In an op-ed written for the Wall Street Journal on September 19, 2017, Seema Verma, the new administrator for the Centers for Medicare &|Medicaid Services (CMS), announced a “new direction” initiative for the Center for Medicare and Medicaid Innovation (CMMI).[1] The Affordable Care Act (ACA) created the CMMI to design and evaluate new payment models designed to either lower spending without reducing the quality of care, or improve the quality of care without increasing spending.[2] The CMMI established payment initiatives that used Medicare to test and implement payment reforms that focused on rewarding value rather than traditional fee-for-service billing. Bundled payments are one of many payment reforms that require providers to accept some responsibility for providing care that meets both quality and cost goals.[3]

In her op-ed, Administrator Verma says that the new direction initiative includes reassessing the value of payment initiatives and that CMS is “analyzing all Innovation Center models to determine what is working and should continue, and what isn’t and shouldn’t.”[4] Administrator Verma’s op-ed and CMS’s new direction initiative came less than a month after CMS and the Trump Administration issued a proposed rule to cancel four, new bundled payment programs and to make a fifth program voluntary. On Friday, December 1, 2017, CMS issued a final rule cancelling the four new programs and making the Comprehensive Care for Joint Replacement (CJR) program voluntary in almost half of the markets where it was voluntary (33 of the 67 markets). This blog examines what these announcements mean for the future of payment reforms in Medicare, Medicare beneficiaries, and the American public, as a whole.

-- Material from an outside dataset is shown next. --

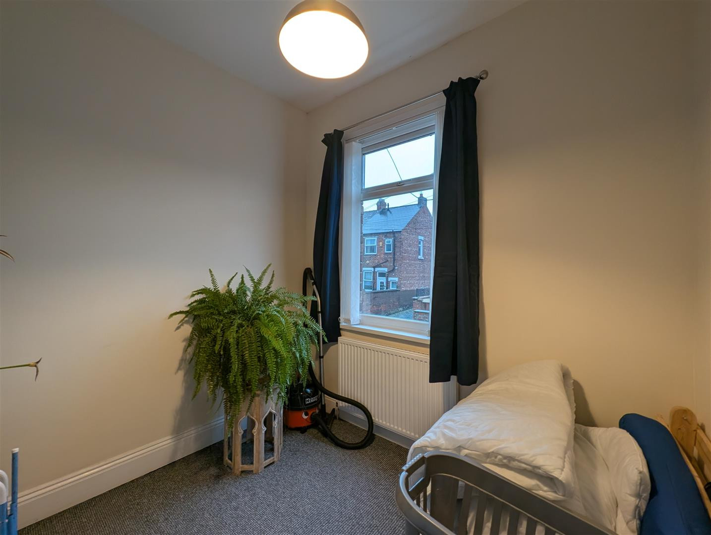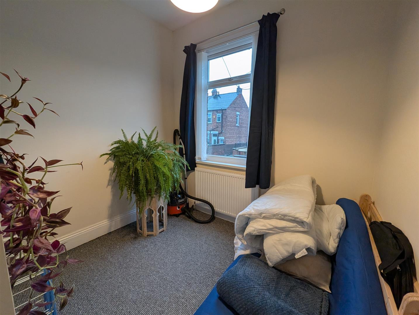 Upvc double glazed bay window to front, meter storage cupboard and radiator.

The Potential and Risks of Using Bundled Payments

The U.S. healthcare system has historically reimbursed health care providers for each service they provide. This traditional fee-for-service model incentivizes providers to order more treatments because payment depends on the quantity of care. CMS and many other payers, however, recognize the need to emphasize the quality of care and have begun implementing and testing alternative payment models, including shared savings, shared risk, bundled payments, and population-based payments, that reward doctors and hospitals for providing high-quality care at lower costs.[5]

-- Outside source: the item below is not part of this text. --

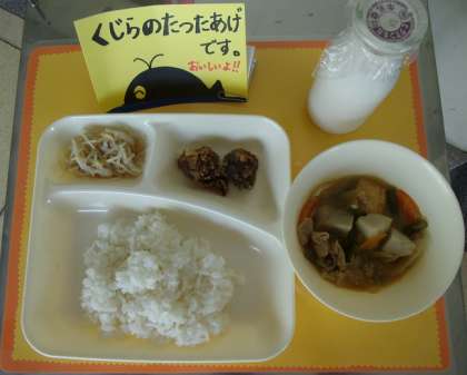 年1回のくじらを使った献立は、毎年好評です。今回はくじらをしょうが、料理酒、しょうゆで1時間以上下味をつけて、でんぷんをまぶし、油で揚げました。子ども達は、「おいしい」「おかわり」と喜んで食べていました。

Bundled payments are a single reimbursement for a course of treatment that typically includes all inpatient and outpatient care, and all physician fees. They give providers financial incentives to reduce waste and provide more efficient care. Streamlining the efficiency of healthcare delivery and removing unnecessary care will reduce costs, but implementing these payment reforms requires careful consideration of the payment incentives to prevent unintended consequences.[6] For example, setting reimbursement rates too low or choosing improper quality metrics could lead providers to avoid expensive, but necessary care. As a government payer responsible to Congress, Medicare provides an ideal platform for testing implementation of these value-based initiatives. Medicare can and should play a central role in assessing these programs and piloting payment reform programs to ensure that they deliver more cost-effective care, as well as access to expensive, but necessary, treatments.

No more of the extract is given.